Muzzle Climb Reducer Experiment

Last week I took a look at a patent application for an AR-15 muzzle climb reducer. Bandito762 emailed in the class presentation for an engineering project he and a classmate undertook at the Rose-Hulman Institute of Technology. They attempted to developed a spring based muzzle climb reducer but discovered that their concept did not work. Science does not always go to plan 🙂 The presentation is embedded below.

I congratulate Bandito762 and his friend on attempting to advance the state of our art. I hope they both peruse gun-related inventions in the future.

Steve Johnson

Founder and Dictator-In-Chief of TFB. A passionate gun owner, a shooting enthusiast and totally tacti-uncool. Favorite first date location: any gun range. Steve can be contacted here.


  • Phil Brereton

    Perhaps if they turned it round and had the weight moving against the recoil and not with it the effects would be better?

  • Scott_T

    It looks like more of a recoil reducer. Nice work.

  • Lance

    Makes a AK uglier but interesting very interesting.

  • Brian P.

    Haha, it kicked more? Gotta love the irony.

  • dylan

    i think bandito762 should have taken a look at archery stabilizers with “shock/jump reduction”. in these stabilizers, the foam or rubber type material that is in place to give the spring to the counter weight, is fairly hard. the reason for this is that bows have only a short recoil impluse, same as most firearms of ak type. therefor the compression of the counter weight must happen within a relatively short time in order to counter react the recoil impluse. the recoil reducers effectiveness will be dependant on the mass of the “inert object” and the strength of the spring material. if the spring is not stiff enough the inert object will only float as the firearm is fired or if it cannot bound and rebound in at least the same time as the total recoil impulse or preferably in the same time as the apex of the impluse, then the spring reducer will apply the force after the shot and actually increase muzzle movement. this is the reason why benellis inertia system uses suck a stiff and short spring, the recoil impluse is short and strong so the inertia system has to match this.

  • David

    I’ve always been curious as to why springs alone are used as so-called “recoil reducers”. I’ve seen all kinds of stocks, grips, mechanisms that have springs in them that supposedly reduce felt recoil. In the industrial world you almost never see springs alone used in this way.

    Dampers are used to absorb impulses, not springs. The shocks on a car’s suspension absorb the impulse. That’s why thick recoil pads tend to work so much better than novelty recoil reducers. The thick rubber/polymer/leather acts as a damper, not a spring.

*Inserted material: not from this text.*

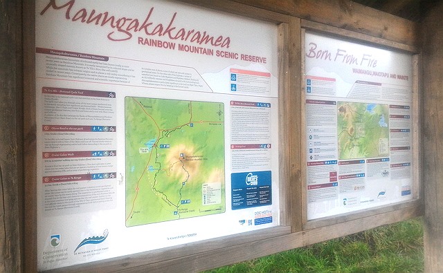 駐車場には手作りの簡易トイレがあるので、登る前によっておくことをお勧めします。ハイキングコースのマップとWaiotapu周辺の歴史などの詳細が書かれた看板がコース入り口にありました。

    I can see trying to use a mass as a form of damper in that it alters the inertia of the recoil. On very tall skyscrapers, the top few floors are sometimes dedicated to a huge massively heavy damped and sprung mass that acts as a pendulum to keep the building centered in high winds. The mass would, much like in the skyscraper, have to be heavy enough to want to remain at rest during recoil. Looks like a fun project. Personally, I would go with a damper-spring combination with correct compression and extension rates regarding caliber. It would probably be a bit expensive as an accessory.

  • kvalseth

    I’ve always wanted to see someone put a gyroscope on a gun. Maybe these guys want to try that next?

  • Seamus

    Keep at it fellas

  • Bandito762

    We did think about trying to use a screen door closer but that was about mid way through the project.
    Since then I have also been working on a magpul for ak magazines. I have already had one rapid prototyped.

  • damien

    Its kind of obvious to me – you need a damper in there – something that will convert some of the energy from a motion form, to another form, be it heat or whatever.

    A spring-mass system, can, at best, just shuffle the recoil around in time.

    Why not try a motorcycle or bicycle shock absorber next time?

  • Vhyrus

    As a fourth year engineering student myself, I can say this is an extremely effective example of an excellent feasibility study. Using only a modest amount of resources they were able to develop and test an idea from the ground up and come up with hard numbers. I might show this to some of my professors. The idea failed but the experiment definitely did not. Very impressive.

    On a side note, you may want to take a page from the kriss super v system and try to rig up something that kicks a weight down instead of back. Definitely more difficult but youll probably have better results.

  • So heavy is the chain of wedlock that it needs two to carry it, and sometimes three.